The invention is based on the insight that boron impregnated anodes and other carbon cell components made usually from petroleum coke and pitch suffer the drawback that the oxidation occurs particularly at the pitch location (bonding phase). With increasing time, the excess weight loss and disintegration of pitch (which is the bonding phase) reduces the overall mechanical strength so that after a certain time and above a certain temperature, when the weight loss reaches a critical amount (which may typically be about 8-10 wt %) the material reaches it brittleness limit and starts to collapse. In large components, this brittleness limit may be encountered in the cell before the main part of the anode has been consumed, and could lead to massive failure.
The invention provides a composition for the boron-containing impregnating liquid that minimizes attack in the pitch phase and hence improves the strength of the carbon while improving the oxidation resistance or at least maintaining it at the same level. The invention therefore aims to reduce the anode consumption by reducing anode brittleness and further improving the oxidation resistance. Similar advantages can be obtained with cell sidewalls or other carbon bodies such as Söderberg anodes, subjected to attack by oxidizing gases at high temperatures. A further improvement may be provided by making the impregnating liquid less odoriferous and/or less susceptible to foaming.

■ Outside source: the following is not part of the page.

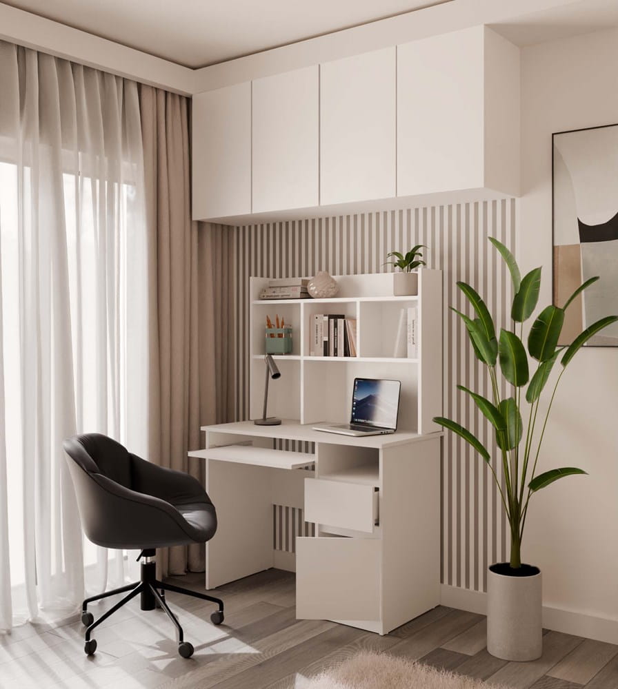 Dzięki rozbudowanej nadstawce wszystkie niezbędne przedmioty są zawsze pod ręką. Biurko łączy przestronny blat z wygodnymi miejscami do przechowywania, co sprzyja organizacji i zachowaniu porządku. To mebel, który zapewnia komfort pracy i nauki na co dzień.

THE METHOD OF THE INVENTION
The invention provides a method of treating a carbon body, in particular a carbon-based anode or sidewall of an electrolytic cell for the production of aluminum in particular by the electrolysis of alumina in a molten flouride electrolyte such as cryolite, to improve the resistance thereof to deterioration by the attack of oxidizing gases, using boron in acceptable amounts in the surface parts exposed in use to oxidizing gases, in combination with selected agents and additives.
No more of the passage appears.